Notes about children’s books

January 30, 2012 permalink

Dr Suess Mulberry Street Perseverance

The manuscript was rejected by 27 publishers. Dr. Seuss was about to burn it when a classmate from Dartmouth, who was new to the children’s book business, bought it. By the time it was published, in 1937, the author was 33.

On the 75th anniversary of the publication of And to Think That I Saw It on Mulberry Street, Dr. Suess’s first children’s book. Persevere, creative types!

Quote from the NY Times article Mulberry Street May Fade, but ‘Mulberry Street’ Shines On, which investigates the real-life eponymous street in Springfield, Mass., for evidence that the city shaped Suess’s creative works.

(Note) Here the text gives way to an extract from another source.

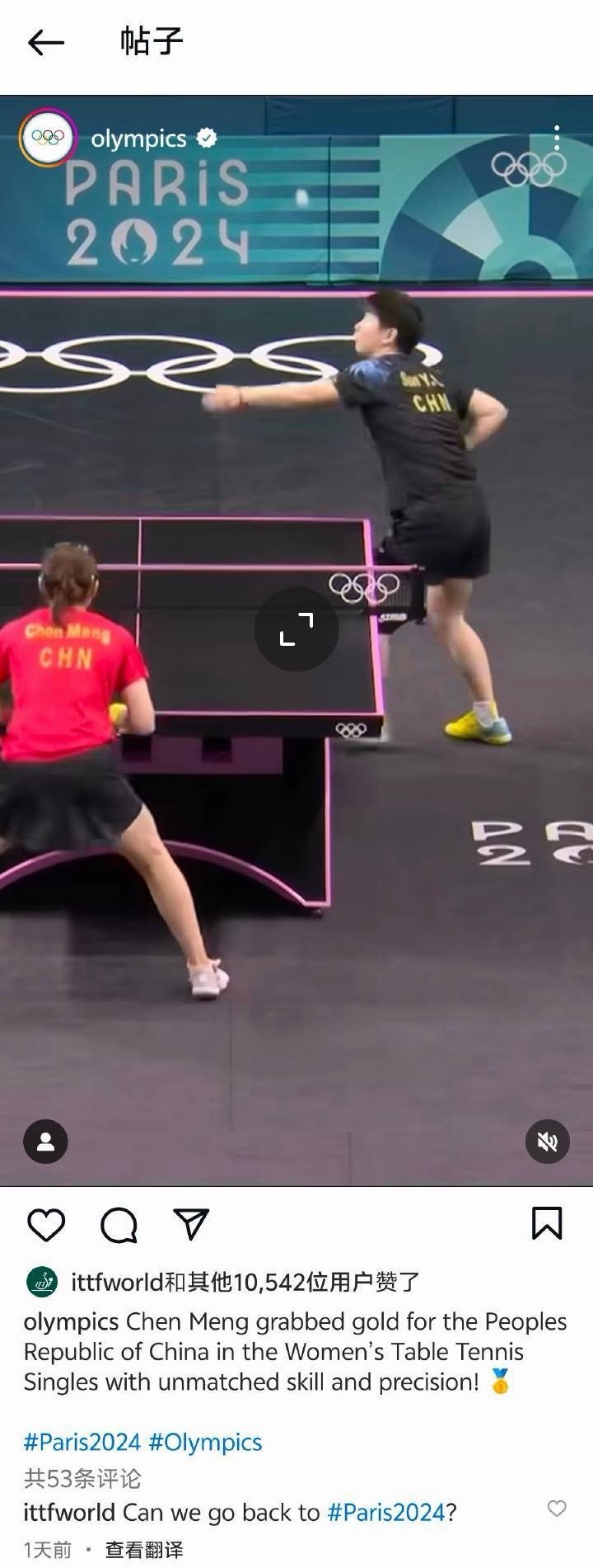 图1️⃣:ITTF/WTT官方发帖:陈梦在2024 年巴黎奥运会乒乓球女子单打比賽中连续两届获得金牌,将她的名字刻入了乒乓球历史的史册。

October 20, 2010 permalink

Physicist’s Goodnight Moon

What happens when a physicist considers the passage of time in Goodnight Moon? Chad Orzel, physics professor and blogger, attempts to measure it using the illustrated passing of the moon versus the wall clocks:

These two methods clearly do not agree with one another, which means one of two things: either I’m terribly over-analyzing the content of the illustrations of a beloved children’s book, or the bunny’s bedroom is moving at extremely high velocity relative to the earth, so that relativistic time dilation makes the six-minute rise of the moon appear to take an hour and ten minutes. Calculating the necessary velocity is left as an exercise for the interested reader.